The last of the Coast Range foothills were in near view all the way to Gilroy. Their union with the valley is by curves and slopes of inimitable beauty. They were robed with the greenest grass and richest light I ever beheld, and were colored and shaded with myriads of flowers of every hue, chiefly of purple and golden yellow. Hundreds of crystal rills joined song with the larks, filling all the valley with music like a sea, making it Eden from end to end…

Life and Letters: 1924

…We crossed the bay by the Oakland Ferry and proceeded up the Santa Clara valley to San Jose. This is one of the most fertile of the many small valleys of the coast; its rich bottoms are filled with wheat-fields, and orchards, and vineyards, and alfalfa meadows.

It was now spring-time, and the weather was the best we ever enjoyed. Larks and streams sang everywhere; the sky was cloudless, and the whole valley was a lake of light. The atmosphere was spicy and exhilarating, my companion acknowledging over his national prejudices that it was the best he ever breathed--more deliciously fragrant than that which streamed over the hawthorn hedges of England. This San Jose sky was not simply pure and bright, and mixed with plenty of well-tempered sunshine, but it possessed a positive flavor, a taste that thrilled throughout every tissue of the body. Every inspiration yielded a well-defined piece of pleasure that awakened thousands of new palates everywhere. Both my companion and myself had lived on common air for nearly thirty years, and never before this discovered that our bodies contained such multitudes of palates, or that this mortal flesh, so little valued by philosophers and teachers, was possessed of so vast a capacity for happiness.

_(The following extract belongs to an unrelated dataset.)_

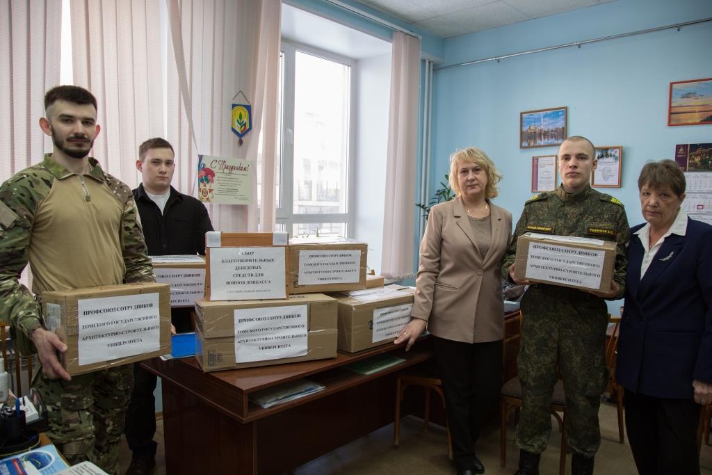 Накануне Дня защитника Отечества из первого корпуса Томского государственного архитектурно-строительного университета были отправлены посылки с гуманитарным грузом в зону Специальной военной операции.

We were new creatures, born again; and truly not until this time were we fairly conscious that we were born at all. Never more, thought I as we strode forward at faster speed, never more shall I sentimentalize about getting free from the flesh, for it is steeped like a sponge in immortal pleasure.

The foothills of the valley are in near view all the way to Gilroy, those of the Monte Diablo range on our left, those of Santa Cruz on our right; they are smooth and flowing, and come down to the bottom levels in curves of most surpassing beauty. They are covered with flowers growing close together in cloud-shaped companies, acres and hillsides in size, white, purple, and yellow, separate, yet blending like the hills upon which they grow…

Son of the Wilderness: 1945

Exultant at being now "on the wild side of the continent," Muir with his companion, was soon tramping southward from Oakland among the green, rounded, oak-clothed hills toward the Santa Clara Valley.